WORK REQUIRED: From the first line of the listing below to the line containing "Στην 4η θέση", write out everything exactly. No pictures.

### DATASET CONTENT

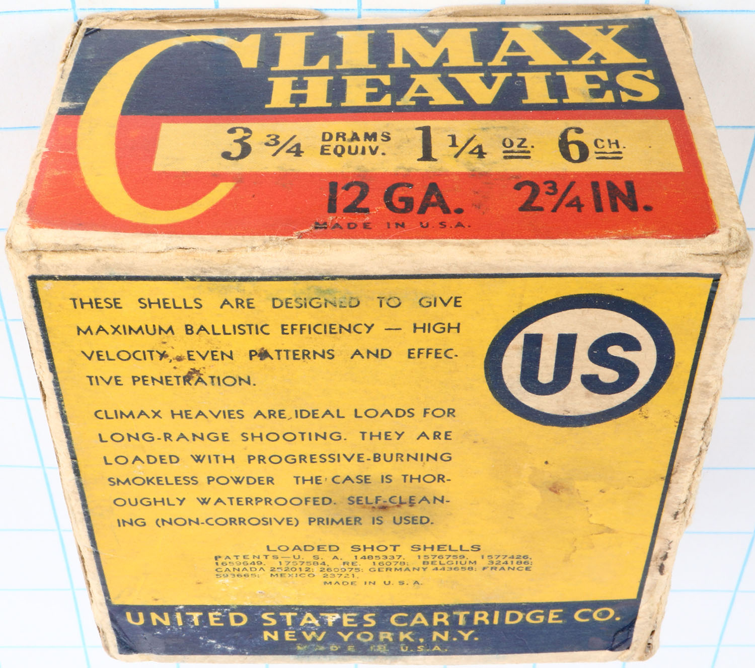 US Cart. Co., Happy Hunter Box, Climax Heavies, 2 3/4'', 12ga., 1pc., Empty, shot size 6CH, yellow, red, black & white box, box has scuffing, light soiling & torn top inside flap with very nice colors. Grade: Very Good ++ - Value: 100 to 400
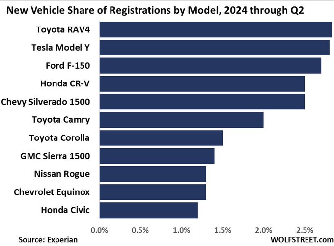 Στην 4η θέση βρίσκεται άλλο ένα SUV, το Honda CR-V, επιβεβαιώνοντας τη σχετική απομάκρυνση των Αμερικανών από τις καρότσες. Ακολουθεί η Chevrolet Silverado, δύο Toyota — Camry και Corolla, το GMC Sierra 1500, το θηριώδες Nissan Rogue, η Chevrolet Equinox και το Honda Civic.
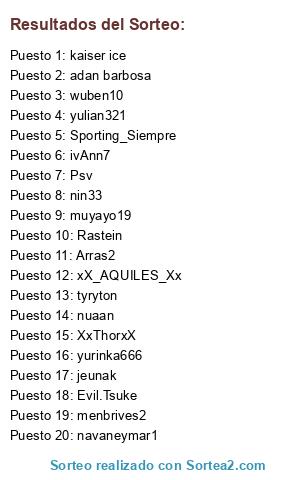 Lista de participantes: nin33, kaiser ice, XxThorxX, nuaan, Rastein, Psv, navaneymar1, adan barbosa, tyryton, jeunak, xX_AQUILES_Xx, Evil.Tsuke, Arras2, yulian321, Sporting_Siempre, muyayo19, ivAnn7, menbrives2, wuben10, yurinka666.

######

ANSWER AREA:
 US Cart. Co., Happy Hunter Box, Climax Heavies, 2 3/4'', 12ga., 1pc., Empty, shot size 6CH, yellow, red, black & white box, box has scuffing, light soiling & torn top inside flap with very nice colors. Grade: Very Good ++ - Value: 100 to 400
 Στην 4η θέση βρίσκεται άλλο ένα SUV, το Honda CR-V, επιβεβαιώνοντας τη σχετική απομάκρυνση των Αμερικανών από τις καρότσες. Ακολουθεί η Chevrolet Silverado, δύο Toyota — Camry και Corolla, το GMC Sierra 1500, το θηριώδες Nissan Rogue, η Chevrolet Equinox και το Honda Civic.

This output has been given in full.